[Materials provided — start]

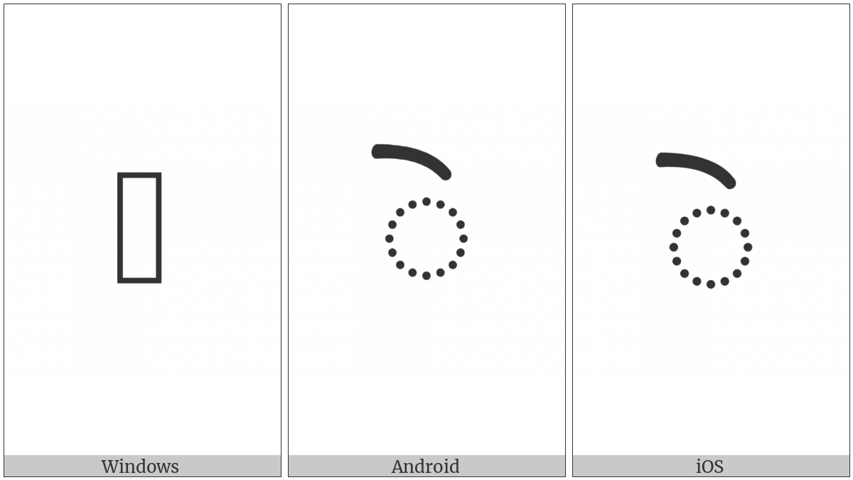 The image below shows how the “Khojki Vowel Sign E” symbol might look like on different operating systems. If the font in which this web site is displayed does not contain the symbol and there is no fallback font able to render it, you can use the image below to get an idea of what it should look like.
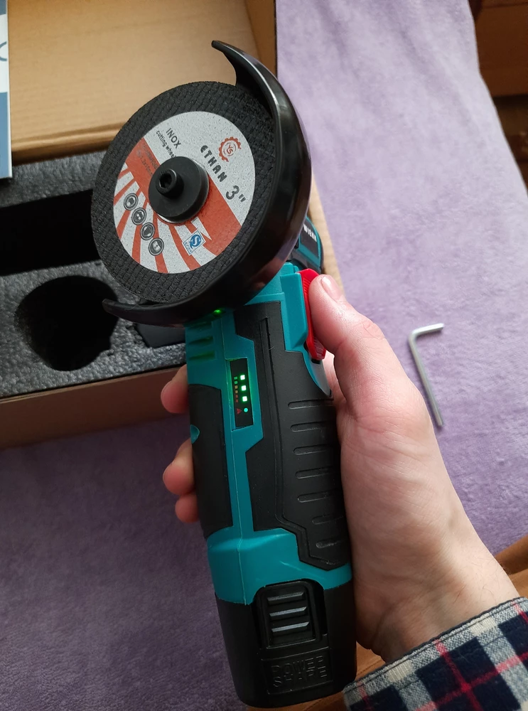 Отличная болгарка, покупал месяца 2 назад, аккумулятора хватает достаточно надолго. Ставил диск по дереву давал отцу подрезать ветки деревьев, справляется отлично. Цена, качество огонь
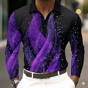 Pánské Geometrické tvary Pólo Dlouhý rukáv Polo tričko Klopa Na běžné nošení Venkovní ulice Oblečení na atletiku Denní nošení 3D tisk Knoflíky Jaro Podzim Zima Černá Fialová Šedá
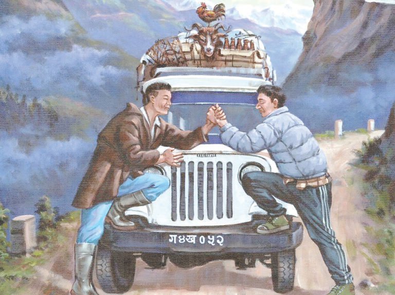 पेन्टिङ थिम पोस्टरमा दुई पात्रलाई एक सामान बोकन भ्यान अगाडी हातको पञ्जा जुधाई रहेको अवस्थामा प्रस्तुत गर्दै फिल्म निर्माणको घोषणा गरिएको हो।
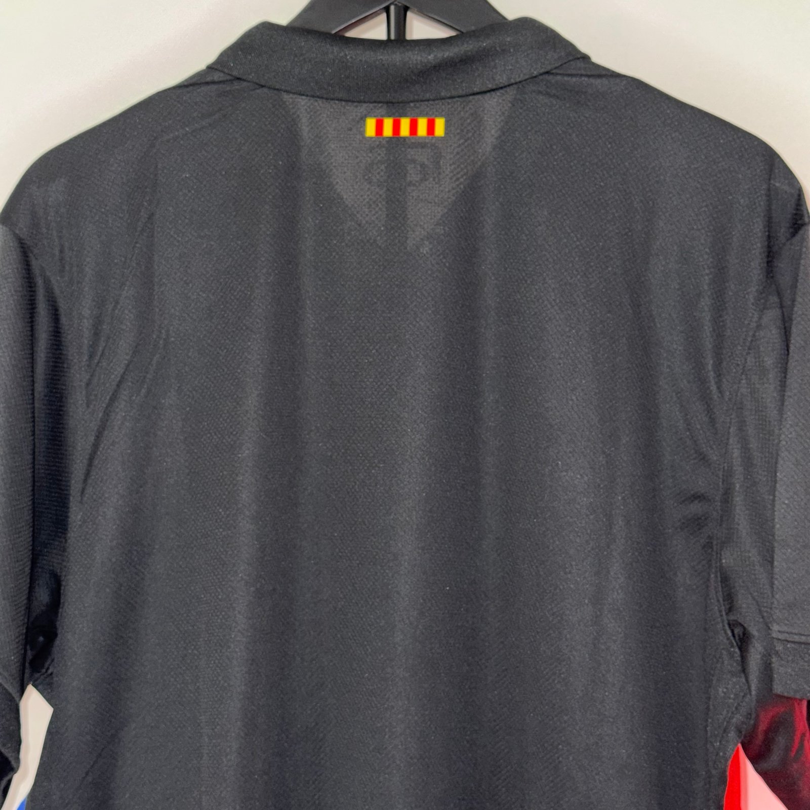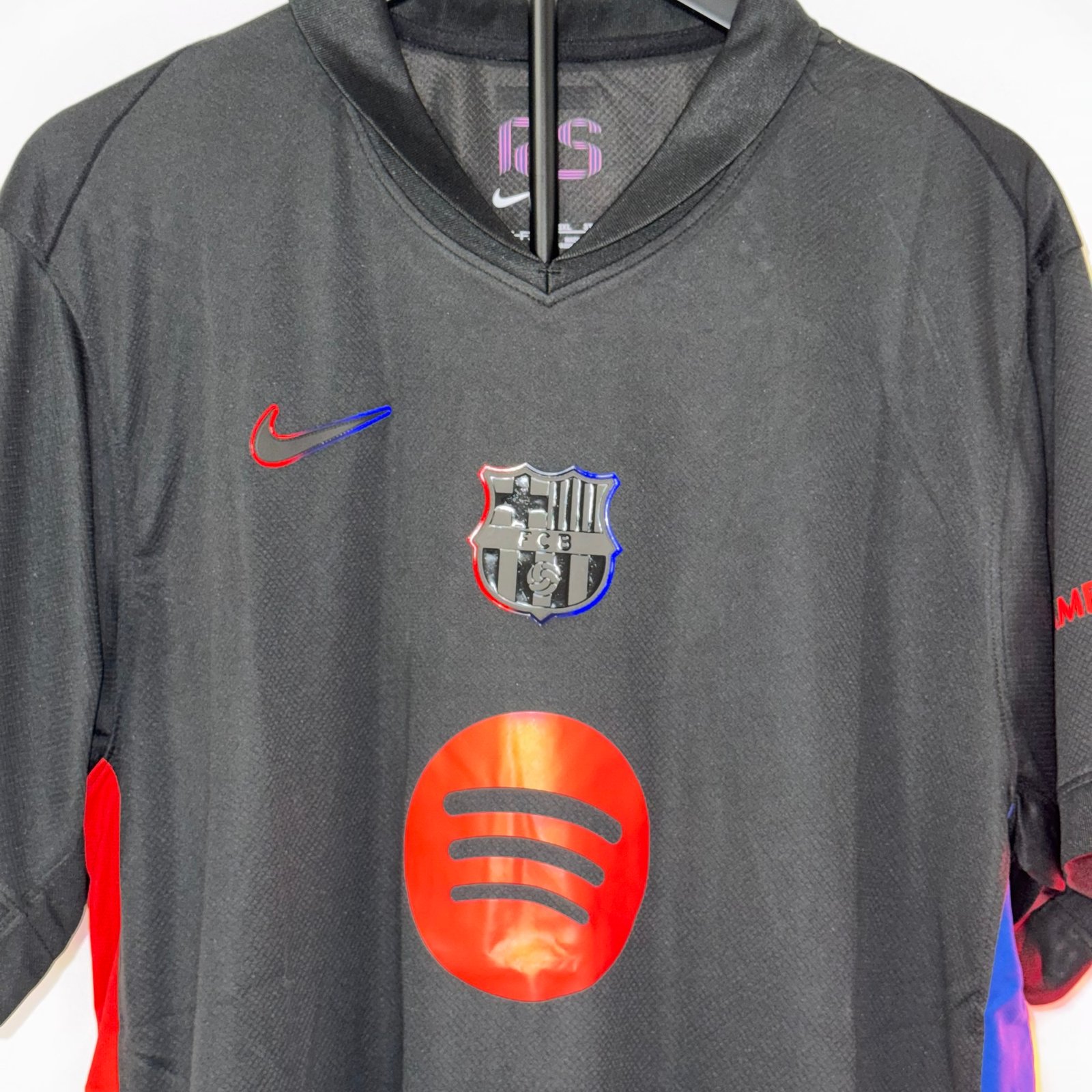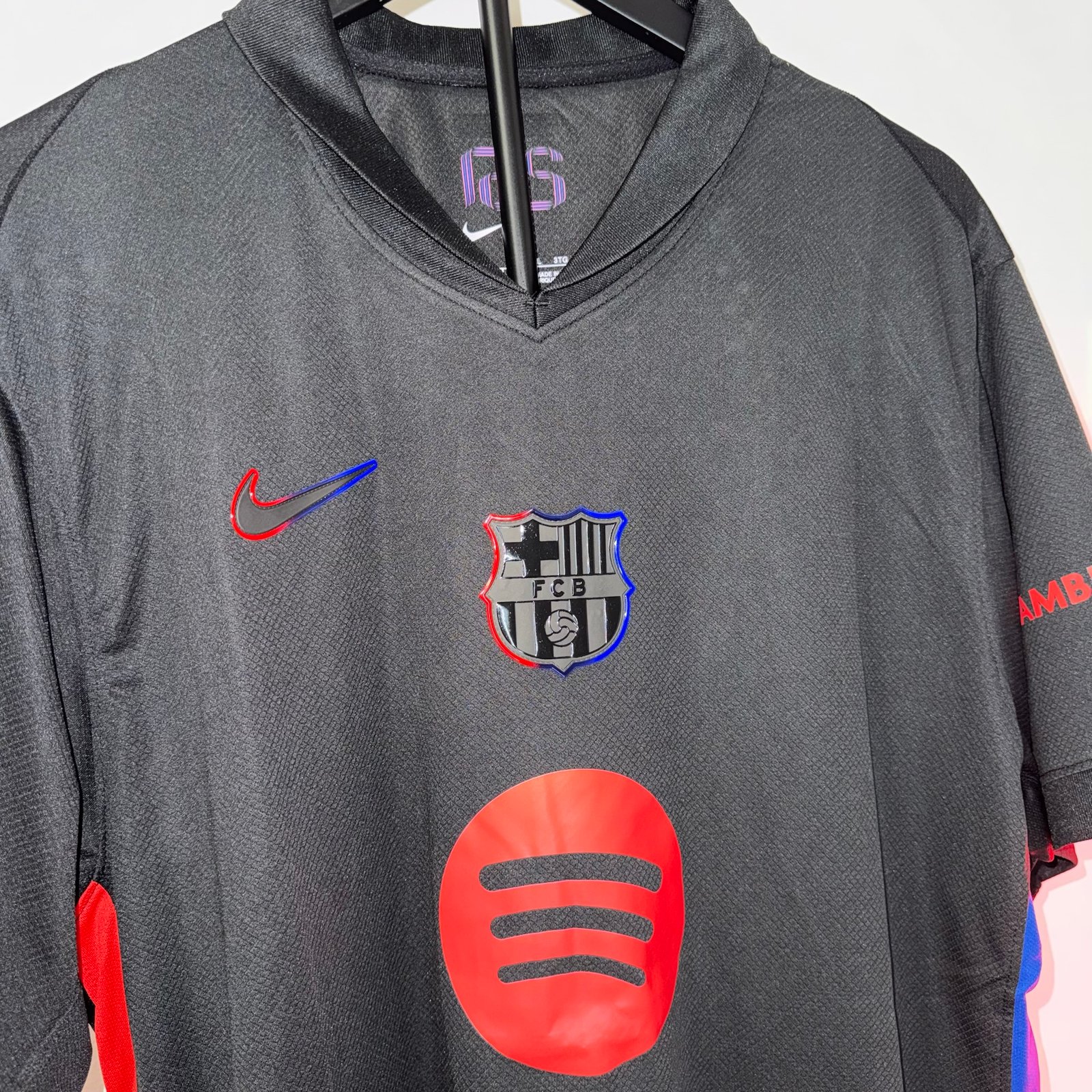 El diseño destaca por su base negra con detalles en rojo y azul en los laterales, manteniendo la identidad del FC Barcelona de forma sutil pero reconocible. El escudo monocromático con contorno en colores aporta un look elegante y contemporáneo, mientras que el sponsor en rojo genera un contraste fuerte y llamativo.
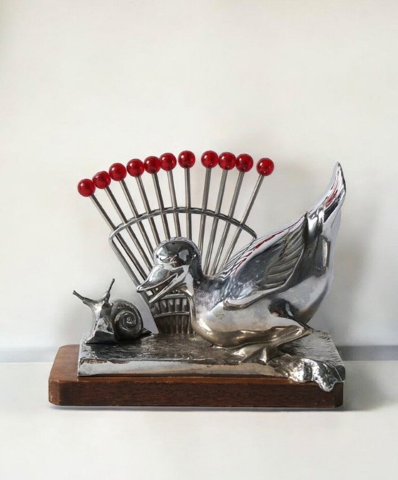 Servez votre prochain punch ou cocktail avec ces bâtonnets à cocktail uniques. Ils sont présentés de manière inoubliable sur un plateau en bois avec ensemble chromé. Le dessin a été réalisé par le caricaturiste animalier français Benjamin Rabier (1864-1939). Le motif est le canard Gédeon, l'un des personnages les plus connus de Rabier, qui court après l'escargot.
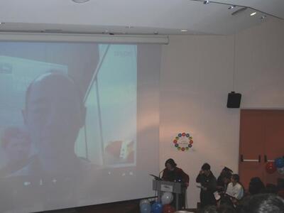 Στο πλαίσιο της εκδήλωσης πραγματοποιήθηκε Τηλεδιάσκεψη με το Δ/ντή του Μουσείου Κιουρί στο Παρίσι Δρ Huynh Van Nhan Renaud, ο οποίος απάντησε σε ερωτήσεις που είχαν προετοιμάσει οι μαθητές που συμμετείχαν, στα Γαλλικά, σχετικά με τη ζωή και το έργο της Μαντάμ Κιουρί. Η εκδήλωση μεταδόθηκε online και την παρακολούθησαν μαθητές από απομακρυσμένα σχολεία της Αχαΐας και άλλες περιοχές της Ελλάδας, χωρίς να χρειαστεί να μετακινηθούν.
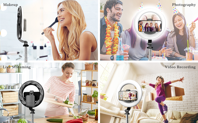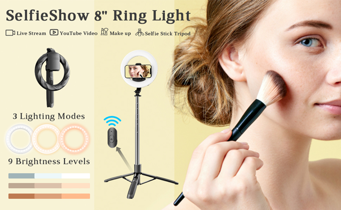 • 【Dimmable Ring Light】Featuring 3 color lighting modes: Warm Light (3000K), White Light (6500K), Mixed Light (4500K) and each mode has 3 brightness levels. SelfieShow ring light will meet all your needs in different circumstances. It is the perfect dimmable lighting to take away all the unflattering shadows.
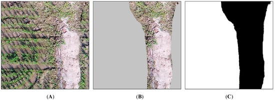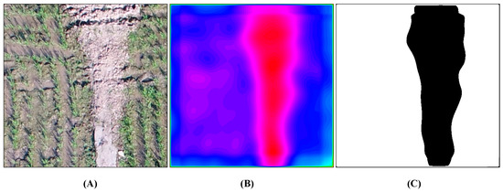 Segmentation map (B) predicted by the Segmentation Network on a cropped UAV image (A) and the corresponding binary map (C) calculated by Equation (1). The threshold range is fixed at [90, 265].
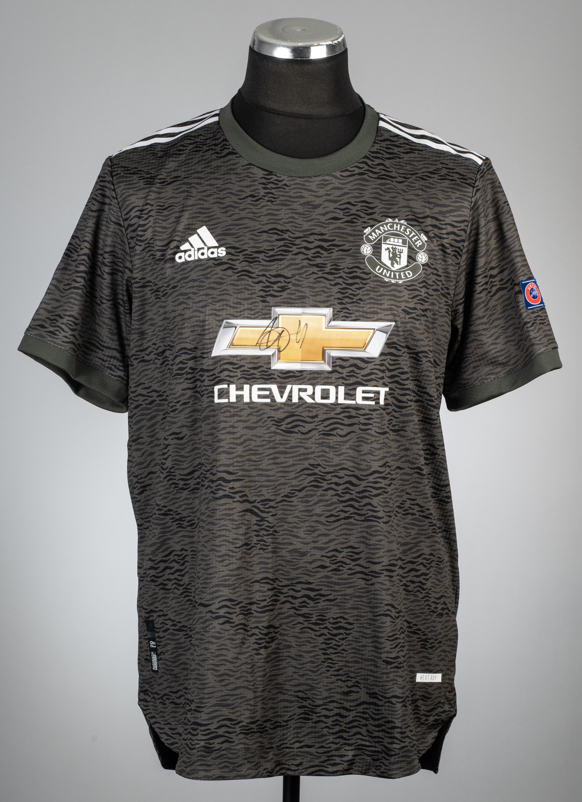 Mason Greenwood signed grey Manchester United no.11 away jersey, season 2020-21, Adidas, short-sleeved with UEFA EUROPA CUP and RESPECT sleeve badges
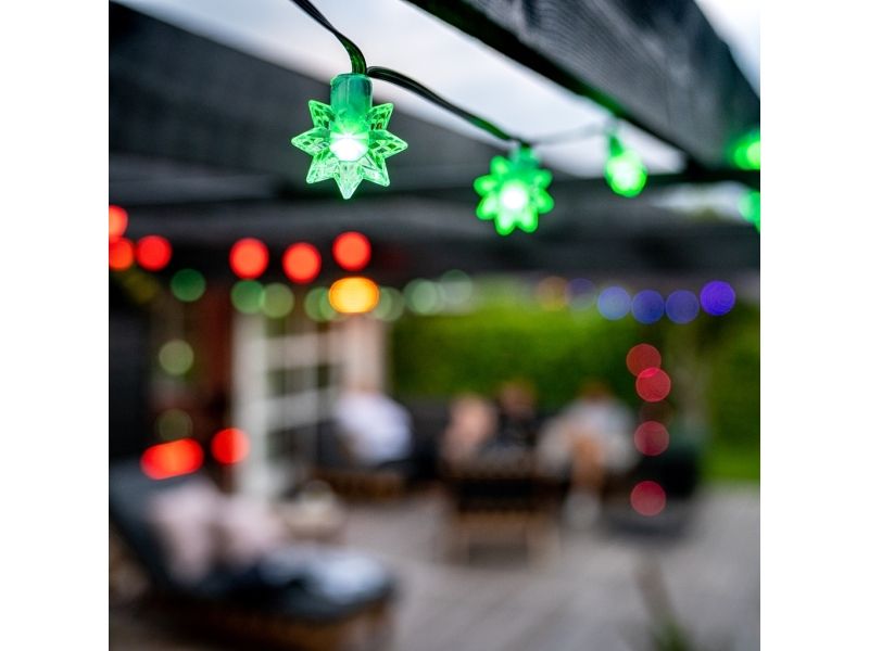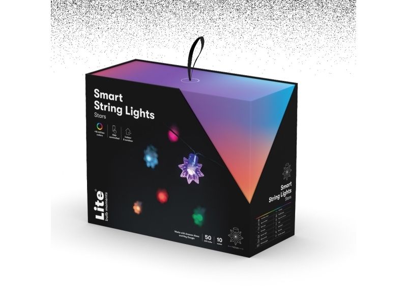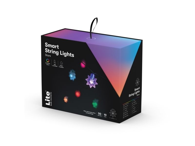 Experience a whole new level of lighting with the Smart Light Chain - Stars from Lite Bulb Moments. Perfect for all occasions from summer gatherings to Christmas festivities this versatile light chain injects life into your parties and transforms your space into a vibrant spectacle.  64 Million Color Combinations Fully Programmable via the TUYA App Music Synchronization with Built-in Microphone Compatible with Google and Alexa for Voice Control IP65 Waterproof Rating 64 Million Color Combinations Unleash your creativity with 64 million color combinations to choose from. Each light source in the Smart Light Chain has the potential to illuminate your space in a unique color setting the right mood for every event. Fully Programmable via TUYA App Take control of your lighting with the TUYA app where you can adjust brightness change colors set timers or even create personalized scenarios. If you prefer something quick and simple choose from 20 pre-programmed functions at the touch of a button. Music Synchronization with Built-in Microphone Turn your space into a dynamic light show using the light chain's music synchronization feature. Thanks to the built-in microphone your lights can flash or change colors to the beat of your favorite songs adding rhythm and energy to your parties. Compatible with Google and Alexa for Voice Control Integrate your Smart Light Chain seamlessly with Google and Alexa for hands-free voice control. Group multiple light chains together and manage them all with a single command providing you with effortless control over your lighting. IP65 Waterproof Rating Constructed with an IP65 waterproof rating the Smart Light Chain is resistant to rain and snow making it suitable for outdoor use. Hang it up in your backyard around your parasol or even in your apple tree for a magical outdoor ambiance. Package Contents: Smart Light Chain - Stars Power Supply Product Specifications: Model No: NSL911992 Voltage: 5V Max Power: 10W Colors: Multicolor (RGB purple pink etc.) - 64 million different colors Size: 10 meters (50 LED light sources with 20 cm distance) + 3-meter cable from plug to first LED Water Resistance: IP65 Lifespan: 30 000 hours
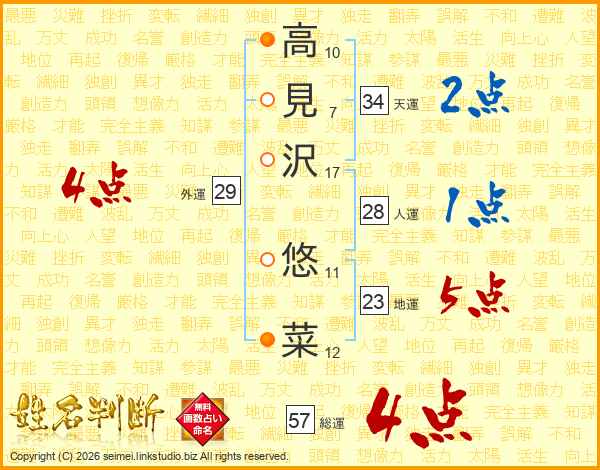 高(10画)見(7画)沢(17画) 悠(11画)菜(12画)
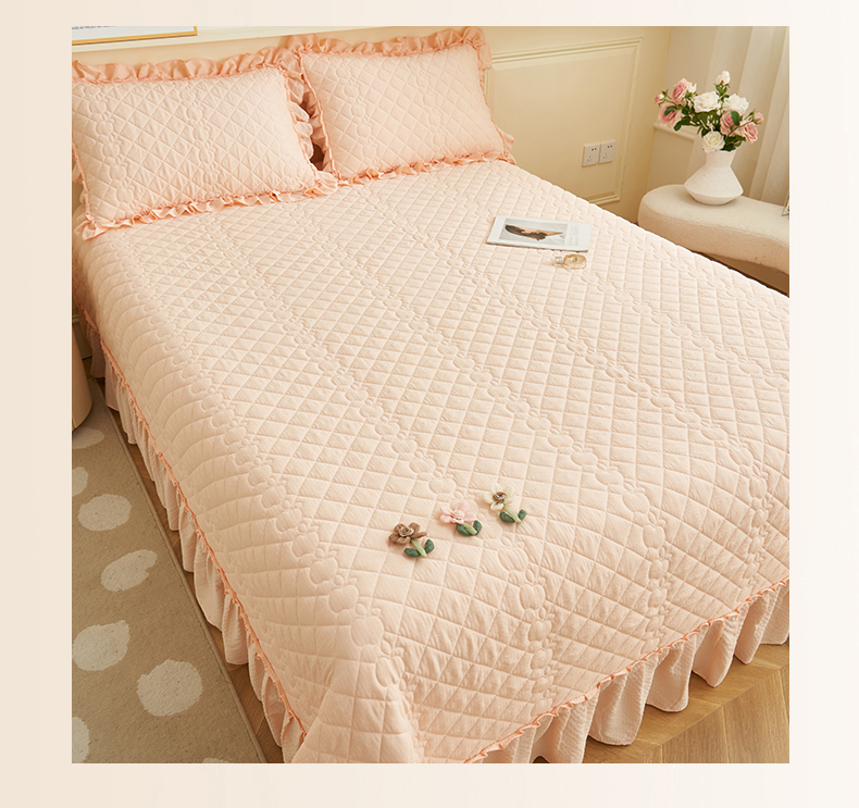 商品名称:恒爱家纺 2025新款A类泡泡纱床盖-杜鹃 美人玉
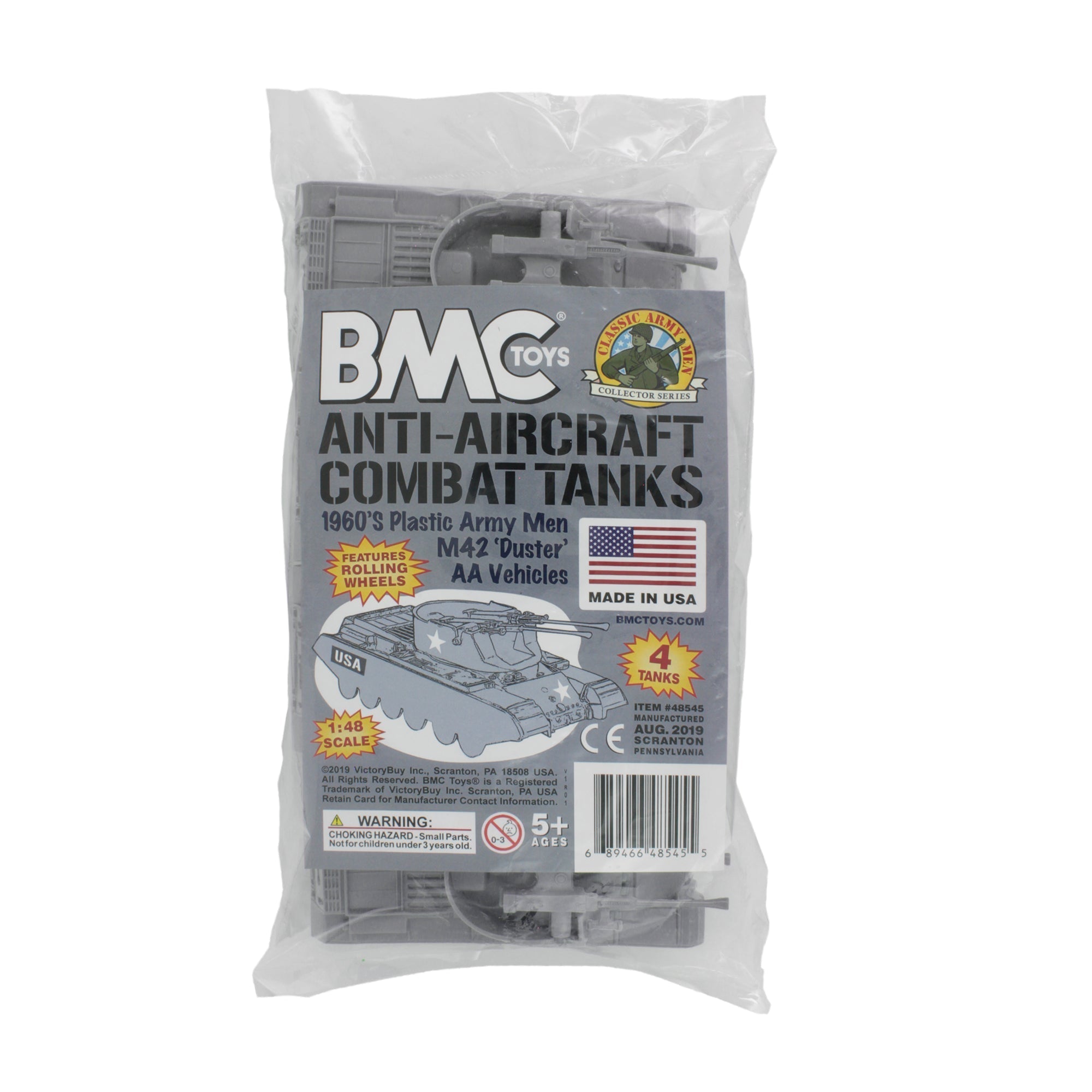 From the Classic Army Men Collector Series, BMC Toys brings back another American toy from yesteryear. This pack of 4 'Duster' Anti-Aircraft Tanks is proudly manufactured in the United States. The Set includes 4 gray vehicles and features barrells that pivot, turrets that rotate, and rolling wheels. Tanks are approximately 1:48 scale and are made from slightly flexible HDPE plastic with medium detail and very little flashing. These Tanks were originally produced in the 1960s by PAYTON and were included in numerous plastic military Playsets from several companies over the years. They were even copied and produced overseas in the 1980s. Even in the 21st century they're still great reinforcements for your Plastic Army Men forces, and also just the right size for O-gauge train flatbed cars. This is a Set of real American Made plastic toys, meant to be rolled around, knocked over, picked up and played with for many years to come. Packed in clear bag bag with insert card and recommended for ages 5 and up.

[Materials provided — finish]

- _Exercise objective_: Although pictures appear among the records above, write out exactly only the lines from the one that has "Pánské Geometrické tvary" through the one that has "Στο πλαίσιο της", and leave the pictures out.

- _Your response_:
 Pánské Geometrické tvary Pólo Dlouhý rukáv Polo tričko Klopa Na běžné nošení Venkovní ulice Oblečení na atletiku Denní nošení 3D tisk Knoflíky Jaro Podzim Zima Černá Fialová Šedá
 पेन्टिङ थिम पोस्टरमा दुई पात्रलाई एक सामान बोकन भ्यान अगाडी हातको पञ्जा जुधाई रहेको अवस्थामा प्रस्तुत गर्दै फिल्म निर्माणको घोषणा गरिएको हो।
 El diseño destaca por su base negra con detalles en rojo y azul en los laterales, manteniendo la identidad del FC Barcelona de forma sutil pero reconocible. El escudo monocromático con contorno en colores aporta un look elegante y contemporáneo, mientras que el sponsor en rojo genera un contraste fuerte y llamativo.
 Servez votre prochain punch ou cocktail avec ces bâtonnets à cocktail uniques. Ils sont présentés de manière inoubliable sur un plateau en bois avec ensemble chromé. Le dessin a été réalisé par le caricaturiste animalier français Benjamin Rabier (1864-1939). Le motif est le canard Gédeon, l'un des personnages les plus connus de Rabier, qui court après l'escargot.
 Στο πλαίσιο της εκδήλωσης πραγματοποιήθηκε Τηλεδιάσκεψη με το Δ/ντή του Μουσείου Κιουρί στο Παρίσι Δρ Huynh Van Nhan Renaud, ο οποίος απάντησε σε ερωτήσεις που είχαν προετοιμάσει οι μαθητές που συμμετείχαν, στα Γαλλικά, σχετικά με τη ζωή και το έργο της Μαντάμ Κιουρί. Η εκδήλωση μεταδόθηκε online και την παρακολούθησαν μαθητές από απομακρυσμένα σχολεία της Αχαΐας και άλλες περιοχές της Ελλάδας, χωρίς να χρειαστεί να μετακινηθούν.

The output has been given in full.